Managing the Java DB 10.2 Project
By MortazaviBlog on Jun 22, 2006
Managing and leading the Java DB 10.2 project, which involves the coordination of Sun's contributions and involvement in the Apache / Derby 10.2 effort, has taught me some valuable lessons regarding medium size projects composed from large global distribution of resources and effort crossing national as well as firm boundaries.
To begin with, when some 25 highly talented, technical and professional people from Sun work full or part-time in three major time zones (San Francisco Bay Area, Bangalore, Trondheim), the project manager as well as many of the leads and participants have to split and extend some amount of their working hours among all these zones. (For example, this week while working from my brother's apartment in Wiesbaden, Germany, my own work day has extended most fully, spanning both the Bay Area and Trondheim and a good chunk of the time in Bangalore. When we first released our Java DB package for Mustang, we coordinated qualification, evaluation and anticipation of JDBC 4 API changes across all three geos. The sense, desire and volunterism for collaboration was astounding.)
There are always communication challenges and misunderstandings that demand various types of solutions. E-mail, instant messaging, regular conferences and 1-on-1s as well as small, task-oriented one-time meetings bring together our focused attention on the goals of the global project and the larger community. However, these are simply the basic elementaries with which the team begins in order to bridge the gaps, build concensus and create group purpose. Other means involve conferences and meetings (e.g. JavaOne and ApacheCon) which bring us together in closer proximity to intensify the dialogues and create a more effective conversation within the team. Interactions of the less formal and ordered type prove particularly useful. The more random type of engagement, when possible, has tremendous effect in increasing harmonization of the "vibrating team strings" in all dimensions: personalities, tasks, external contacts, mini team and short-lived task force engagements, etc.
I've seen how people invited to a large room, in one of our global meetings or conferences, meander about to engage in conversations with many of their colleagues generating subtle but lasting effects on the project.
When it comes to the wider team of people who collaborate, on a larger scale, with various functions such as management, engineering, marketing, sustaining and support, the project demands a more formal and broad-based weekly meeting in which the team properly handles and swiftly generates and dispatches necessary action items on the path to successful coordination. The ultimate goal are the deliveries of the project and a quality release.
When this happens, the sense of elation and team accomplishment produces the greatest, most fulfilling rewards for everyone involved, and those who have sat by the wayside either miss the opportunity to be part of it or mistake what is going on for some sort of cult feeling, which it is not. Full engagement in the work of the team and the community becomes necessary in order to understand its work and to appreciate and partake of its accomplishments. It is wonderful and most rewarding to see this when it happens.

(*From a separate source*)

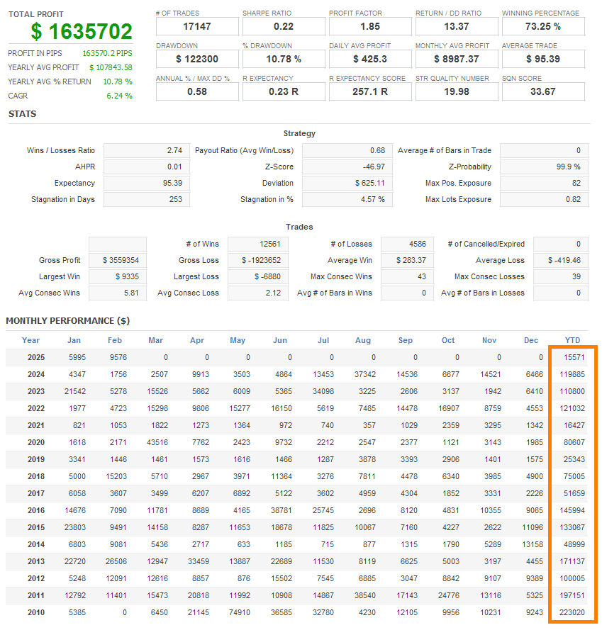 There is an absence of self-serving rule modifications, a common human tendency, such as increasing the lot size after consecutive losses in discretionary trading or, conversely, hastily securing profits with minimal gains.

The ideal team works like a watch. Conflicts are resolved and lines of communications are clearly set. Perhaps, no place other than a battle field, the proper placement of these lines of communications within the organization are more important than we see in a global project of appreciable size involving more than a couple of dozen people and interacting with even a larger community that goes beyond the members drawn from one's own firm.
The challenges of the open source environment are only matched by the rewards offered by the whole community engaged in veting and examining one's own biases and intentions as well as reaching out to offer help and share knowledge.

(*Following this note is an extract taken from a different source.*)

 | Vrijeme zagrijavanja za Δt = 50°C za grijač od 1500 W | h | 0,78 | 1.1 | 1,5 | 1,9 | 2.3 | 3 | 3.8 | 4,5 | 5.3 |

Sharing is economically valuable because of the "excess" intellectual powerhouse that exists in all organizations.
In many industries, the high-tech firm has stopped being the absolute work boundary because no firm can fully and optimally deploy the complete impact of its employed intellectual powerhouse due to cognitive limitations of the form noted by transaction cost economists--limitations that have to do with coordination of complex projects and activities, as these activities grow in their intensity, depth of intellectual requirement and fullness of impact.
The sharing environment of the "open source" movement literally brings to life that "excess" capacity that is only "excess" because within the boundaries of the firm it lacks the complete opportunities offered in a larger-than-any-firm community context that can increase and multiply the value of that intellecutal capacity.